The A$1.6bn project came on stream in October 2008 and has the capacity to flow 800 Mmcf/day of gas along with as much as 50,000bpd of condensate. The field’s production life is put at about eight years.
Contracts
The front-end engineering contract for the development of the platform was awarded to the Eos joint venture between WorleyParsons Services and Kellogg Brown & Root (KBR). The contract was for refining the engineering for the remotely-operated processing platform and subsea wells.
JP Kenny was awarded the contract for the engineering of the flowlines, export pipeline, power cable, tie-in to the existing gas trunkline, and tie-ins to the three subsea wells.
“The 7,300-ton topside was built in Batam, Indonesia, by Malaysian Marine Heavy Engineering.”
Transfield Worley carried out the engineering and the construction work associated with the modifications to the North Rankin A platform to enable the supply of power to and remote control of the Angel platform.
The Aker Kvaerner-Clough Ltd joint venture was awarded the contract for the installation of the topsides for the platform, performing all installation engineering and construction activities related to transportation and installation of the Angel topside.

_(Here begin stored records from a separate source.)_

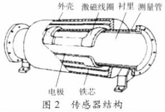 測(cè)酸堿水流量計(jì)由流量傳感器和轉(zhuǎn)換器兩部分組成。傳感器典型結(jié)構(gòu)示意如圖2,測(cè)量管上下裝有激磁線圈,通激磁電流后產(chǎn)生磁場(chǎng)穿過測(cè)量管,一對(duì)電*裝在測(cè)量管內(nèi)壁與液體相接觸,引出感應(yīng)電勢(shì),送到轉(zhuǎn)換器。激磁電流則由轉(zhuǎn)換器提供。
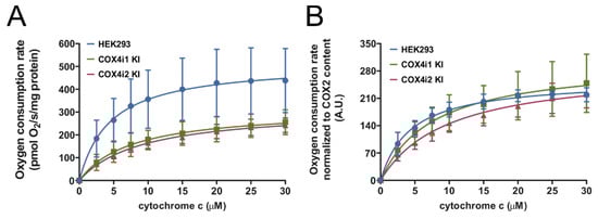 Respirometric assay of COX activity during titration of increasing concentrations of cytochrome c in mitochondrial solubilized extracts was employed to obtain maximal activity rates as well as data on the cytochrome c binding kinetics of the COX complex in 4i1 and 4i2 KI cells.
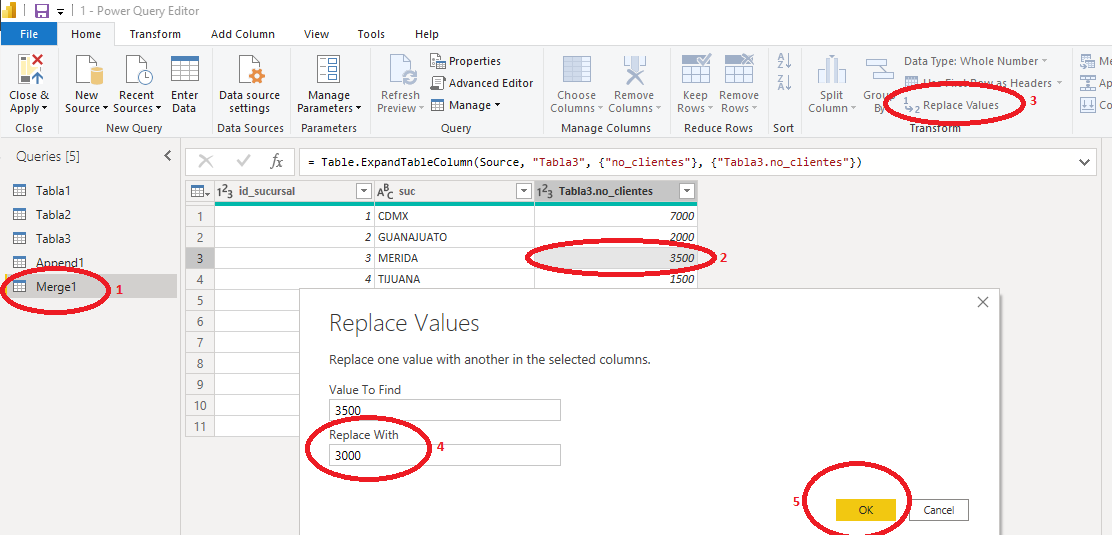 En esta ventana a la izquierda pinchamos la tabla Primero MERGE1, que corresponde a la tabla de las sucursales con su respectiva cantidad de clientes. El segundo paso en la correspondiente tabla, nos posicionamos sobre el valor a reemplazar, en este caso sobre el valor 3500. Paso 3 presionamos sobre la opción REEPLACE VALUES. Paso 4, presionamos sobre la opción REEPLACE WITH e ingresamos el nuevo valor. Paso 5 presionar OK. Note que los pasos están enumerados, si los sigue en el orden correspondiente, debería obtener los mismos resultados.
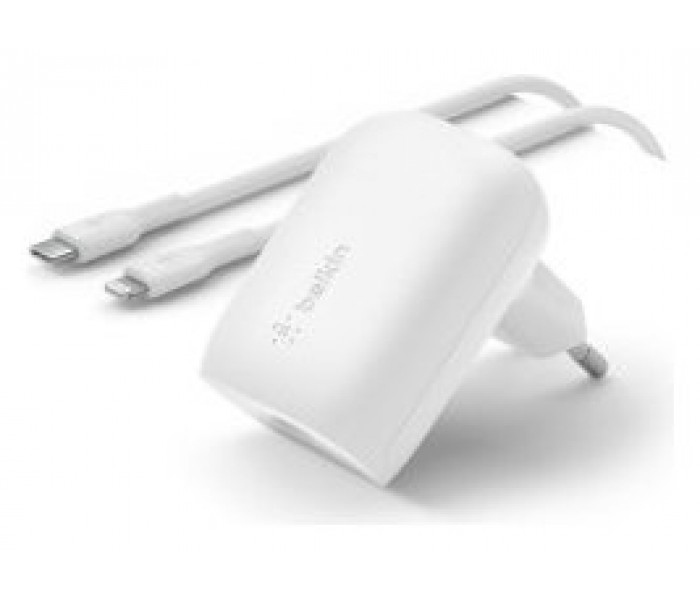 CARGADOR DE PARED BELKIN WCA005VF1MWH-B5 USB-C PD 30W + CABLE USB-C A LIGHTNING 1m COLOR BLANCO
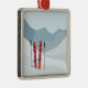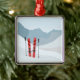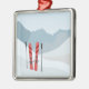Abstract winter landscape with panoramic mountain view, red ski equipment, trail and blue sky

The 7,300-ton topside was built in Batam, Indonesia, by Malaysian Marine Heavy Engineering. It left Malaysia in March 2008 on the Dockwise heavy transport vessel Black Marlin, which was contracted by the joint venture for the transportation and float-over installation of the Angel topside.
The topside was installed over a four-legged steel jacket, weighing 8,000 tons, which itself was transported to the Angel field by J Ray McDermott’s launch barge Intermac 650 and installed by J Ray’s derrick barge DB30.